* Problem requirements *
Only an exact repetition of the lines from the one that holds "見学終了後には、試飲タイムも" to the end of the records is wanted.

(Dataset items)
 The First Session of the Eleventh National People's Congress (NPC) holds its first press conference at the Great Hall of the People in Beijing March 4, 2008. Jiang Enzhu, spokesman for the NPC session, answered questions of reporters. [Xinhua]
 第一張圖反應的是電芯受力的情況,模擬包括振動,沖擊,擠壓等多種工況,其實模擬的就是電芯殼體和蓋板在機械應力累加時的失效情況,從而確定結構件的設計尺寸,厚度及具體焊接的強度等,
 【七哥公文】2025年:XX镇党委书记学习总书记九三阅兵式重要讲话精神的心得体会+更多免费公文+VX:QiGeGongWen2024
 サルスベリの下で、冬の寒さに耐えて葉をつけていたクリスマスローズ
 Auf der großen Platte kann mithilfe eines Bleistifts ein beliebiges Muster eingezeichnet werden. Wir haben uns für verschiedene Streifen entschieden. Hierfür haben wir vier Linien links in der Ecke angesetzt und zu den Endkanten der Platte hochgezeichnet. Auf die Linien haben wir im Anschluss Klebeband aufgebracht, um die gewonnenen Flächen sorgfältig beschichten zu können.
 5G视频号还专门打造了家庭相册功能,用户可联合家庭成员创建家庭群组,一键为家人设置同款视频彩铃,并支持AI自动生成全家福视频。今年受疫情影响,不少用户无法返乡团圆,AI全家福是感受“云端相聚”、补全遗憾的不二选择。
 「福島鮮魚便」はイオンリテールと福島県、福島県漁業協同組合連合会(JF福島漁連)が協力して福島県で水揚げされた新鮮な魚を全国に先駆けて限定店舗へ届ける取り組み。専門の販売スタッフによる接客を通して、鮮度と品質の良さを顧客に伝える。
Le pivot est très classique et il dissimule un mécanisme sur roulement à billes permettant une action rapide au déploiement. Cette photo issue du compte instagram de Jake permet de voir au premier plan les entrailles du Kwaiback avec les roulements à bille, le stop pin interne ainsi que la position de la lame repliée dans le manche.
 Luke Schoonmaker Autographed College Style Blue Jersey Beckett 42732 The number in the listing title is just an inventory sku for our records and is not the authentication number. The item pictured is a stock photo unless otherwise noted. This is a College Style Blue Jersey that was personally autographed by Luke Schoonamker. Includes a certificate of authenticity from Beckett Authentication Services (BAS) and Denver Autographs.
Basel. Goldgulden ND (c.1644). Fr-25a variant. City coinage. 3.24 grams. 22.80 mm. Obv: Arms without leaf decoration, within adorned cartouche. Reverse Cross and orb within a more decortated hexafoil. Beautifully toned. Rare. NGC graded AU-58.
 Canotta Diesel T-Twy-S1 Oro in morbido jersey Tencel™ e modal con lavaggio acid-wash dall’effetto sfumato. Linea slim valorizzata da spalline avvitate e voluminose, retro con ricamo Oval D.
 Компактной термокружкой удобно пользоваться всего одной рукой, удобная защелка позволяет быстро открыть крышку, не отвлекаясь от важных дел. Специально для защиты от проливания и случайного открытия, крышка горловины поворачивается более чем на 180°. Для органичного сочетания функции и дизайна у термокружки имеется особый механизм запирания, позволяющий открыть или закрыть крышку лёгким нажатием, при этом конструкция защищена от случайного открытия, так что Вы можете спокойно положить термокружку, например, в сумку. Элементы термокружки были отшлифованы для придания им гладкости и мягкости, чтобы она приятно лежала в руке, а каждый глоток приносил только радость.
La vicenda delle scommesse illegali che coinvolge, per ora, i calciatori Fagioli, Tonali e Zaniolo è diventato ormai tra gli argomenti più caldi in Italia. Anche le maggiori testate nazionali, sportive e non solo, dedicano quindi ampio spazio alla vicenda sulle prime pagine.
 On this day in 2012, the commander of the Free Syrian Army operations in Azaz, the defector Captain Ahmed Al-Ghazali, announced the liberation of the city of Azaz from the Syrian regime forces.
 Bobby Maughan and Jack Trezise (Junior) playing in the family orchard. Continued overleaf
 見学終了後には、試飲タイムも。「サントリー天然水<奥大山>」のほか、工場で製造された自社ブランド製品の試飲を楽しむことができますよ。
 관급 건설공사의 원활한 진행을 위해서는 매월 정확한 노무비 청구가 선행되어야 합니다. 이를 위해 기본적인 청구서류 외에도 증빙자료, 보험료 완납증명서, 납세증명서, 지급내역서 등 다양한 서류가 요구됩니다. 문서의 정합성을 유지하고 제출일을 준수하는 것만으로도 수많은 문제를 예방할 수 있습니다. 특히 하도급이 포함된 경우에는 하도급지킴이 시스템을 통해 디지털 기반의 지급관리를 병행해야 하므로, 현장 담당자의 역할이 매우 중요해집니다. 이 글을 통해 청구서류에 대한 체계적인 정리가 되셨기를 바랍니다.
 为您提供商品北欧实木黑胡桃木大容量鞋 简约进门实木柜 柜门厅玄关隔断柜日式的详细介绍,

* Exercise response *
 見学終了後には、試飲タイムも。「サントリー天然水<奥大山>」のほか、工場で製造された自社ブランド製品の試飲を楽しむことができますよ。
 관급 건설공사의 원활한 진행을 위해서는 매월 정확한 노무비 청구가 선행되어야 합니다. 이를 위해 기본적인 청구서류 외에도 증빙자료, 보험료 완납증명서, 납세증명서, 지급내역서 등 다양한 서류가 요구됩니다. 문서의 정합성을 유지하고 제출일을 준수하는 것만으로도 수많은 문제를 예방할 수 있습니다. 특히 하도급이 포함된 경우에는 하도급지킴이 시스템을 통해 디지털 기반의 지급관리를 병행해야 하므로, 현장 담당자의 역할이 매우 중요해집니다. 이 글을 통해 청구서류에 대한 체계적인 정리가 되셨기를 바랍니다.
 为您提供商品北欧实木黑胡桃木大容量鞋 简约进门实木柜 柜门厅玄关隔断柜日式的详细介绍,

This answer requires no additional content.